The researchers obtained data from 35,844 adults who attended at least one class of the NDPP, but based their analyses on 14,747 participants (80.3% female) who had data covering at least 12 months after they enrolled onto the program.

In total, 35.5% of the 13,893 participants with at least two weight measurements achieved the weight loss goal of at least 5%, report Elizabeth Ely (Centers for Disease Control and Prevention, Atlanta, Georgia, USA) and co-researchers in Diabetes Care.

They stress that although only a third of participants achieved this target, the average weight loss of 4.2% indicates that many participants were close to achieving it.

“Perhaps more importantly, we found that those who remained in the program were successful,” say Ely et al.

They report that each additional session attended was associated with a further 0.31% weight loss, with the 5% goal generally achieved by participants who attended 17 sessions or more (ie, completed the initial weekly phase plus at least one of the monthly sessions).

Participants attended a median of 14 sessions, with about one in 10 attending the full 22 program sessions. In all, 86.6% of participants attended at least four classes – the threshold above which the lifestyle program is thought most likely to show an effect – and these patients lost an average of 3.6% of their weight, compared with 0.4% for those who attended fewer classes.

A similar pattern emerged for physical activity, with participants reporting an increasing amount of physical activity the more sessions they attended, and most of those who attended at least 18 sessions achieving the target 150 minutes per week.

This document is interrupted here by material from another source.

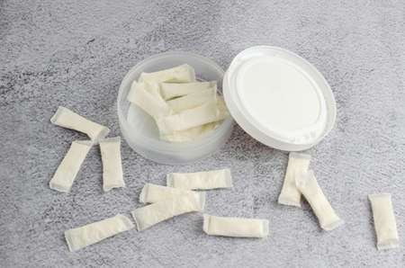 Chewing gum aligned on a table.

These give us clear targets to help us in achieving weight loss and exercise goals in this at risk population.

Click here for the view of advisory board member Leonard Bertheau.

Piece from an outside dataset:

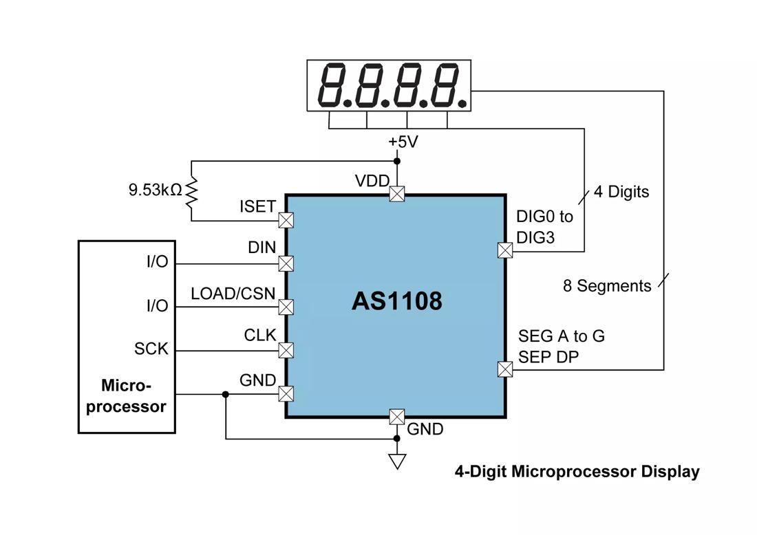 The AS1108 is a SPI interfaced, dot-matrix LED driver IC for a 4x8 LED matrix or 4 7-segment LEDs. It includes a 4-bit PWM for the entire matrix and an external resistor can be used for analog current adjustment up to 10mA per LED.

Participants’ demographics also appeared to influence their weight loss success, with non-Hispanic Whites achieving the highest average (4.6%) and non-Hispanic Blacks the lowest (3.2%). Older age was associated with greater weight loss, at 3.7%, 4.0%, and 4.2% for the 18–44 years, 45–64 years, and 65 years and older age categories, respectively. And obese participants achieved more weight loss (4.5%) than those in the overweight category (4.1%), who in turn lost more than the normal-weight participants (3.3%).

The study authors suggest that interviews with participants who dropped out of the program may offer insight into how to retain people and maximise the program’s effectiveness. They also note that the program is now being delivered remotely for people who are unable or unwilling to attend in-person group sessions.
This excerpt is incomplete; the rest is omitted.